— RECORDS SUPPLIED —
=-=-=-=-=
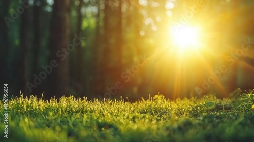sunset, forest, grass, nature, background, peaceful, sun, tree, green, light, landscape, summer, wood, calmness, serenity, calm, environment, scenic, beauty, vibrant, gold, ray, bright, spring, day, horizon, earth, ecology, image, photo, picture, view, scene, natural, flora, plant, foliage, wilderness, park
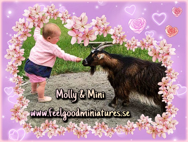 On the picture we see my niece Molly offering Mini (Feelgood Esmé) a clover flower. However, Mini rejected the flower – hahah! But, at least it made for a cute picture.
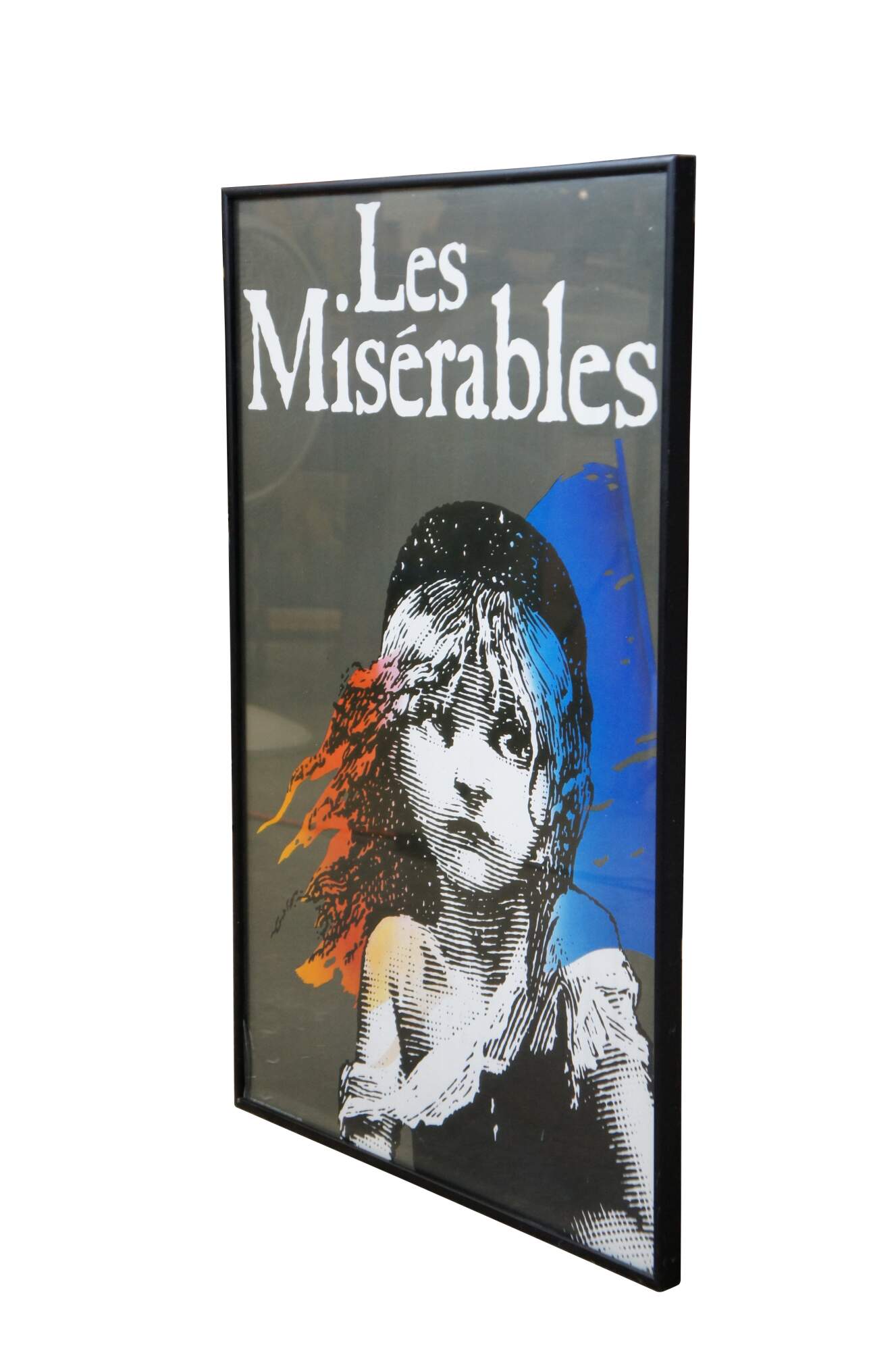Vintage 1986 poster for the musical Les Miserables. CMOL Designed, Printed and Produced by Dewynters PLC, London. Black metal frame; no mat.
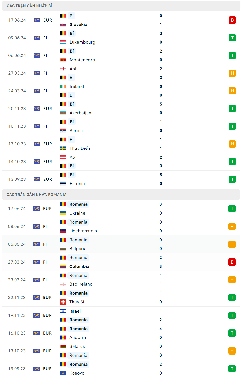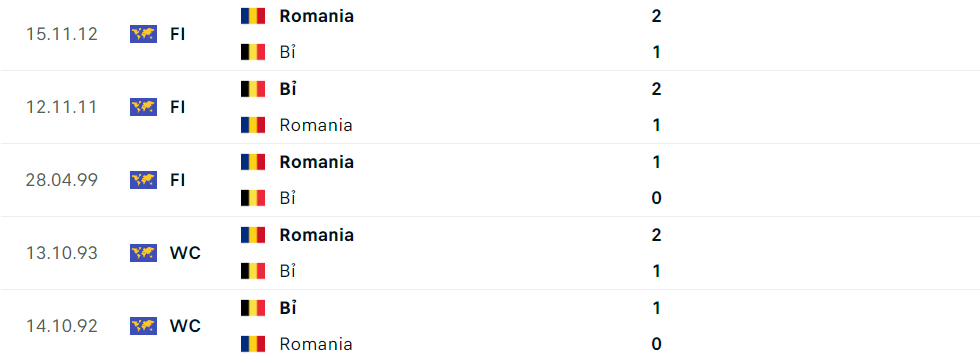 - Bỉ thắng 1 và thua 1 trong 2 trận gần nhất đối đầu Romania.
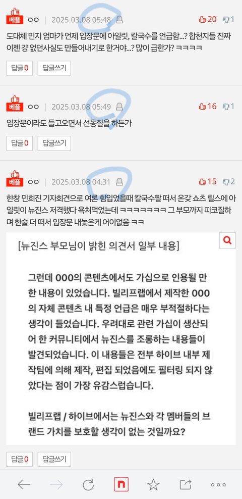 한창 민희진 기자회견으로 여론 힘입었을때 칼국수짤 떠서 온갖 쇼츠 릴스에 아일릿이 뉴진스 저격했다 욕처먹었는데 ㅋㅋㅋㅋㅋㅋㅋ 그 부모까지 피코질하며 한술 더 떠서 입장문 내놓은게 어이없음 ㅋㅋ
=-=-=-=-=
— EXERCISE OBJECTIVE —
Quote, please, only the lines running from the one with "Vintage 1986 poster" down to the final line of the data above, keeping both ends and skipping the pictures.

— SOLVED EXERCISE —
Vintage 1986 poster for the musical Les Miserables. CMOL Designed, Printed and Produced by Dewynters PLC, London. Black metal frame; no mat.
 - Bỉ thắng 1 và thua 1 trong 2 trận gần nhất đối đầu Romania.
 한창 민희진 기자회견으로 여론 힘입었을때 칼국수짤 떠서 온갖 쇼츠 릴스에 아일릿이 뉴진스 저격했다 욕처먹었는데 ㅋㅋㅋㅋㅋㅋㅋ 그 부모까지 피코질하며 한술 더 떠서 입장문 내놓은게 어이없음 ㅋㅋ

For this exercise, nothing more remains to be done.